Dataset records
-- Opening Marker --
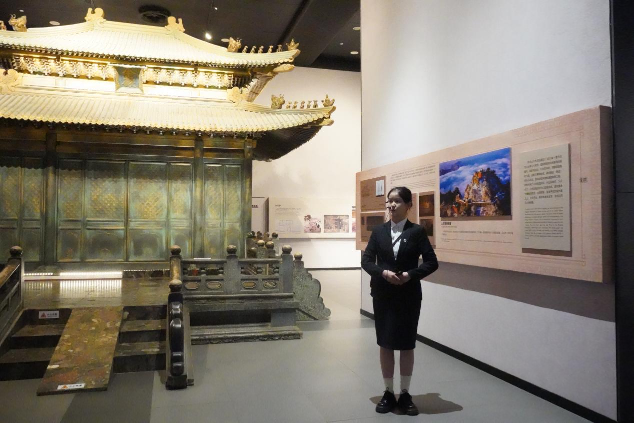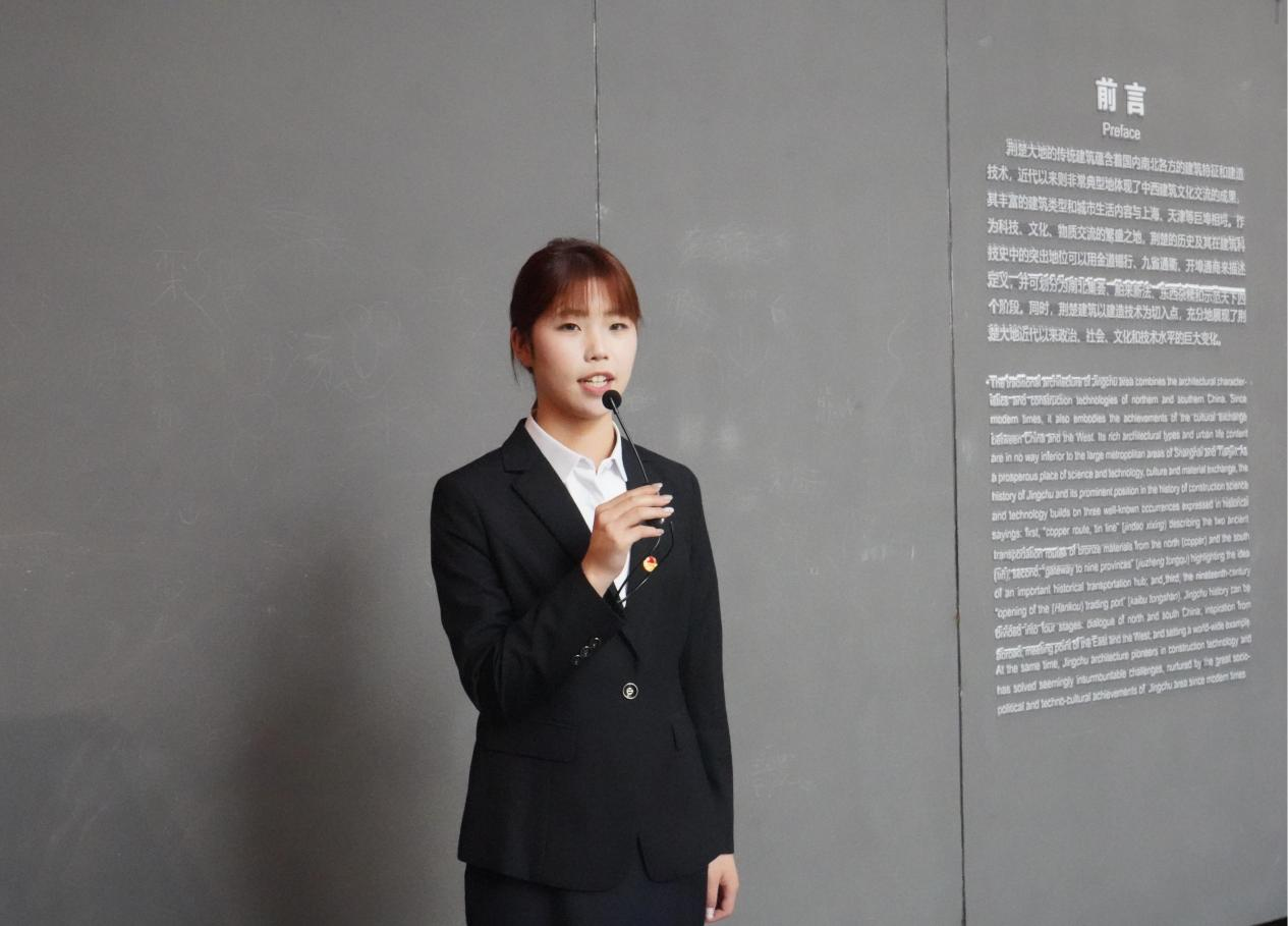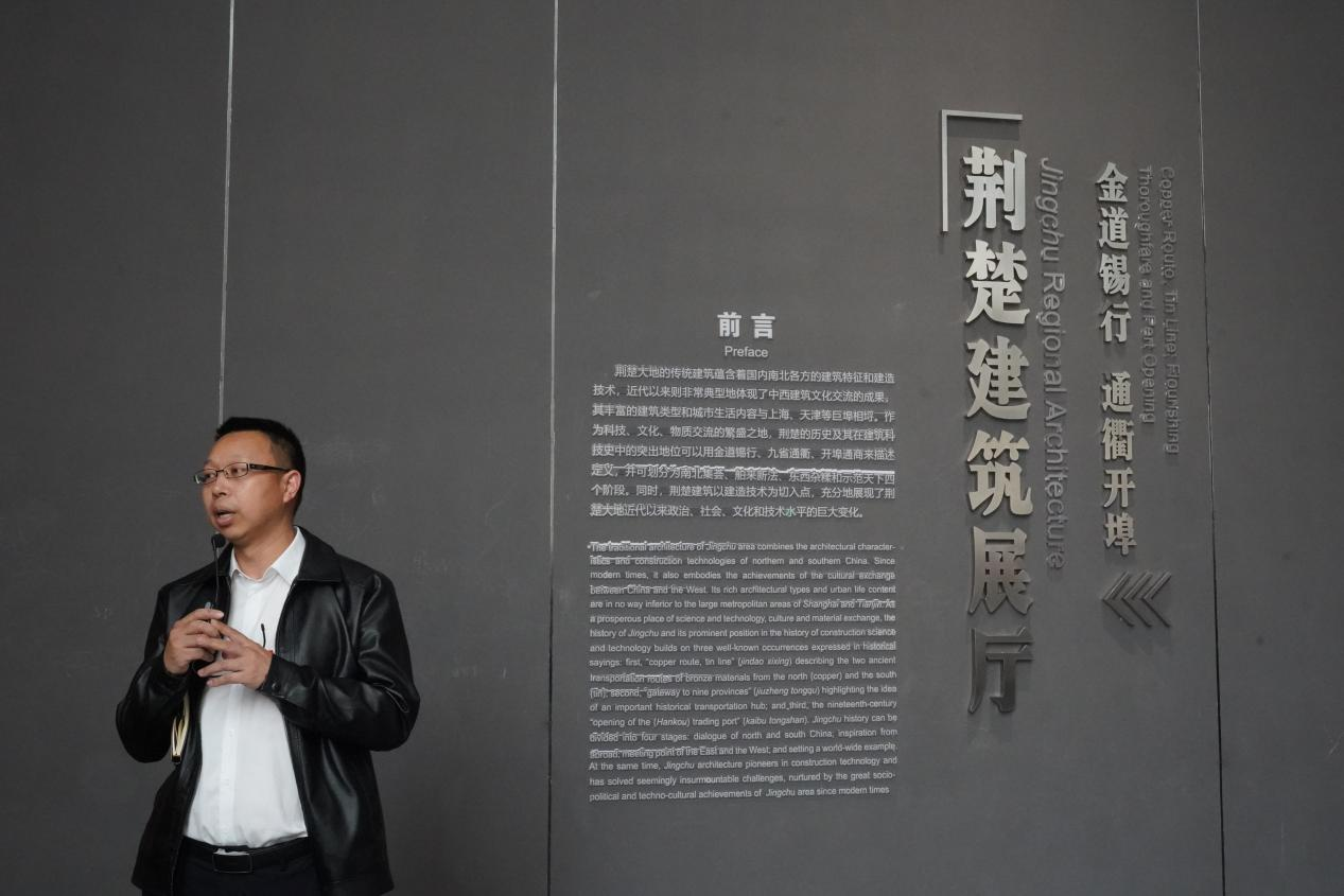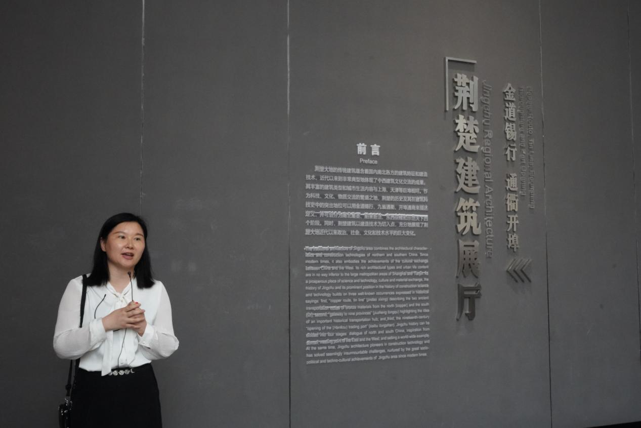 最后,在“荆楚筑魂,师传匠心”环节。全体党团员走进场馆,倾听企业导师和外院学生共同讲解荆楚展厅。企业导师代表乐晓姚以荆楚建筑历史脉络为引,结合榫卯技艺、飞檐斗拱等特色元素,讲解荆楚建筑建造智慧,挖掘工匠精神。外院学生田梅美、张水萍、韩易等运用双语讲解,从国际传播视角解读荆楚建筑的美学价值与文化符号,选取代表性建筑武当山金顶、清代黄鹤楼,讲述其背后承载的荆风楚韵,展现文化自信与爱国情怀。党员教师代表陈晶、团员学生代表王义婷等结合党团精神,围绕“匠心精神与新时代党员使命”主题进行了心得分享,将荆楚建筑的工匠精神与党员、团员责任担当深度融合。
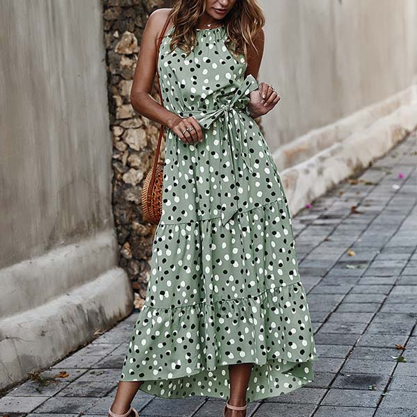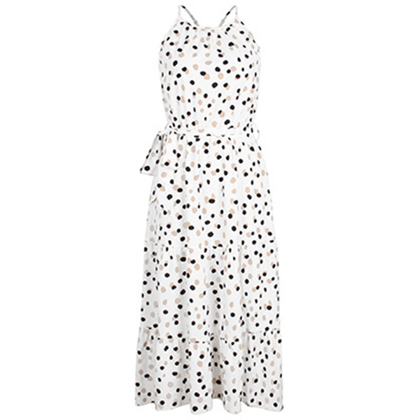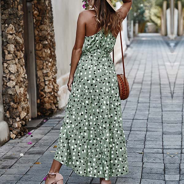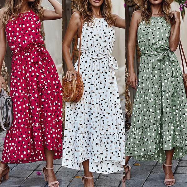 For a beautiful and charming trip look,you can just trust in this dress. Sling style and backless design can offer you a sexy and flirty look,while the dots printed details will make this piece look more eye-catching and playful. Greet the summer days with this delightful dress.
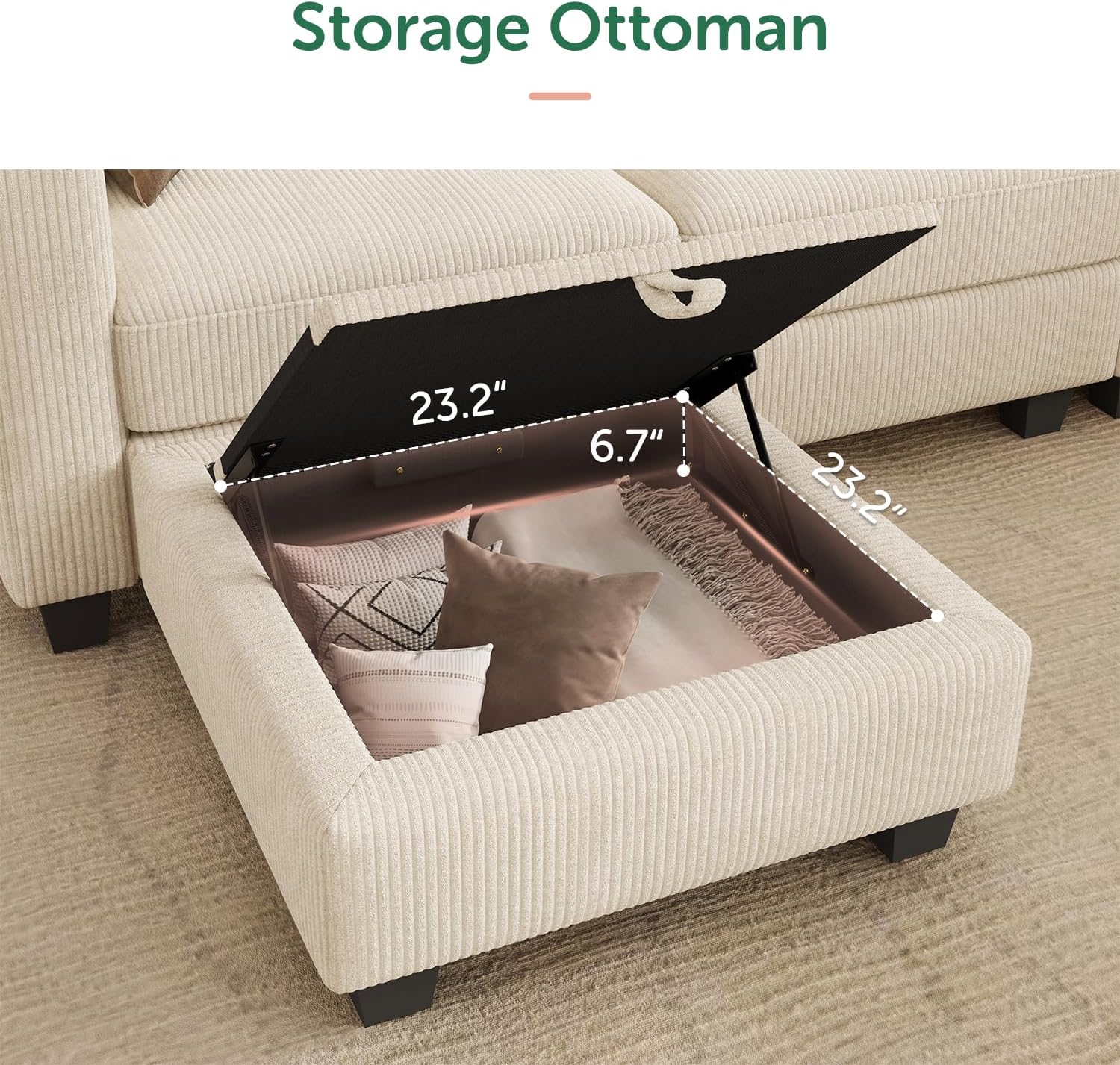 HONBAY Corduroy Modular Sectional Couch with Storage L-Shaped Sectional Couches for Living Room 6 Seater Modular Sectional Sofa, Beige
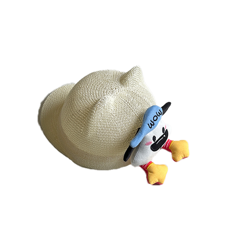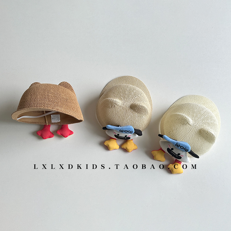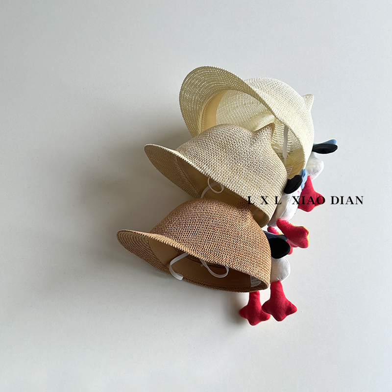 婴儿帽子男宝夏季薄款编织卡通狗狗编织遮阳鸭舌帽儿童防晒草帽女
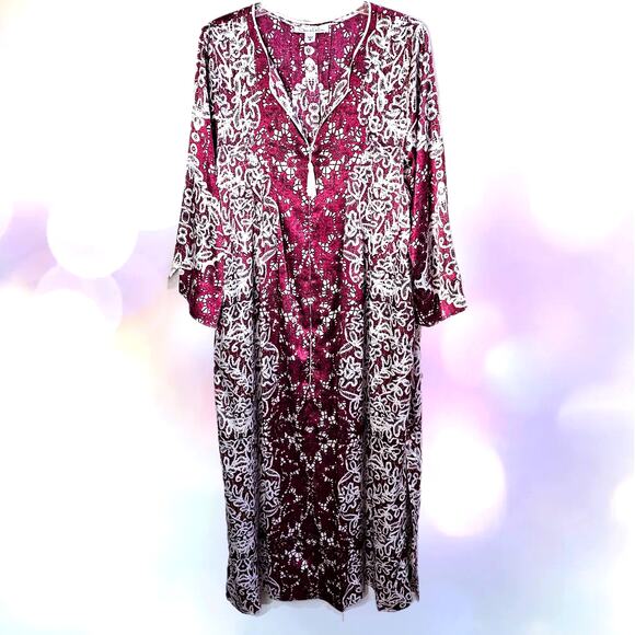Length 53; Chest (pit-to-pit) 21; Sleeve Length (from shoulder seam) 21; Shoulder Width 16. Vintage Oscar de la Renta satin kaftan robe in deep maroon with white with tassel neckline. RN# 60766. Soft, flowing fit ideal for lounging or layering. Elegant and collectible designer piece.
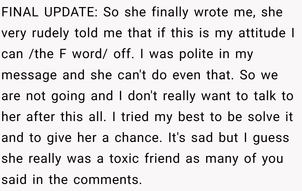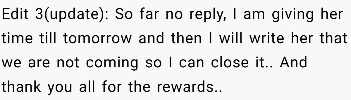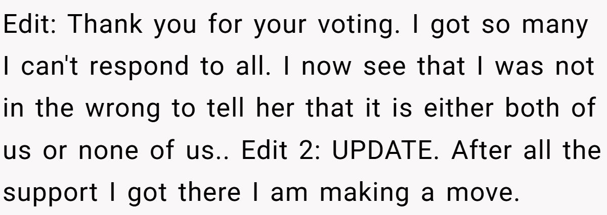 The woman’s response was simple: “It’s either both of us or none of us.” Her stance speaks volumes about loyalty and self-respect. In healthy relationships, compromise doesn’t mean sacrificing your dignity—or your partner.
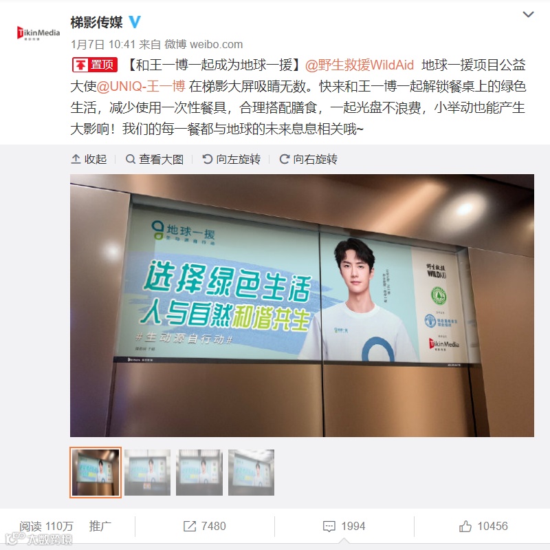 梯影还将线上与线下打通,积极参与微博公益话题,与大V联名互动。例如,助力野生救援推广系列科普纪录片《海龟奇援》,共同为野生动物发声,呼吁大家保护海洋环境。还与明星共同接力#地球一援#项目,单条微博点赞数破万,阅读量超过110万,线上宣传效果和线下同样惊人。
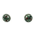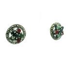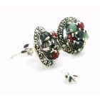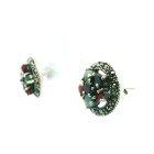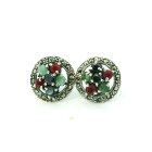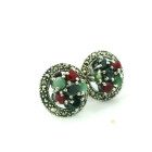 Par de aros realizados en plata 925 con esmeraldas, rubies, zafiros y marquesitas engarzadas. Modelo: roseta. Estilo: antiguo.
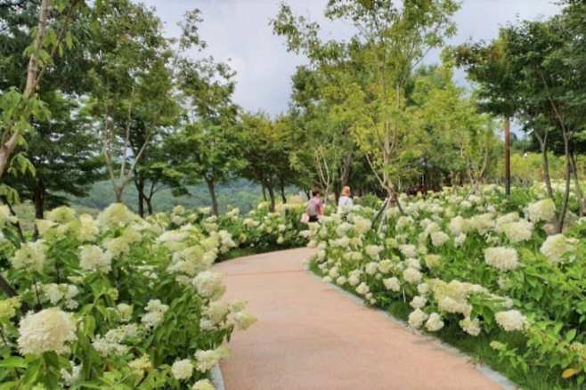 내리문화공원은 수국 정원, 캠핑장, 구절초동산 등으로 구성되어 있어, 이 시기에 시민들에게 수국을 감상할 수 있는 편안한 휴식처가 되어준다.
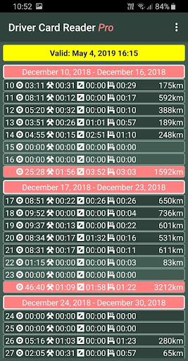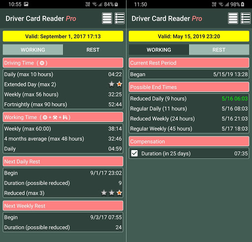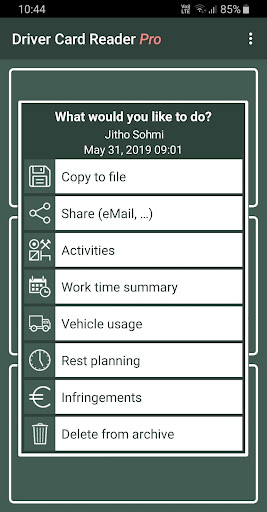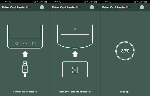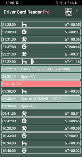 This app is designed for professional truck drivers. With this application you can read the digital tachograph driver card. You can share data in different ways or store it on your device in different standard formats (ddd, esm, tgd, c1b). The read time will be written back to the card and the application reminds you of the 28-day read obligations.
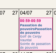 TOUS les titres d'événements s'affichent en double dans la calendrier, ce qui est du plus mauvais effet ... Mais qu'importe ! Un très bel outil qui ne sert finalement à rien ... dommage ... Son concepteur doit être aveugle !!
-- Closing Marker --
WHAT YOU ARE ASKED TO DO: Above are entries with pictures among them. Write out exactly the lines from the one containing "HONBAY Corduroy Modular" through the one containing "婴儿帽子男宝夏季薄款编织卡通狗狗编织遮阳鸭舌帽儿童防晒草帽女", ends included, and leave those pictures out.

SOLUTION FOR THIS PROBLEM:
 HONBAY Corduroy Modular Sectional Couch with Storage L-Shaped Sectional Couches for Living Room 6 Seater Modular Sectional Sofa, Beige
 婴儿帽子男宝夏季薄款编织卡通狗狗编织遮阳鸭舌帽儿童防晒草帽女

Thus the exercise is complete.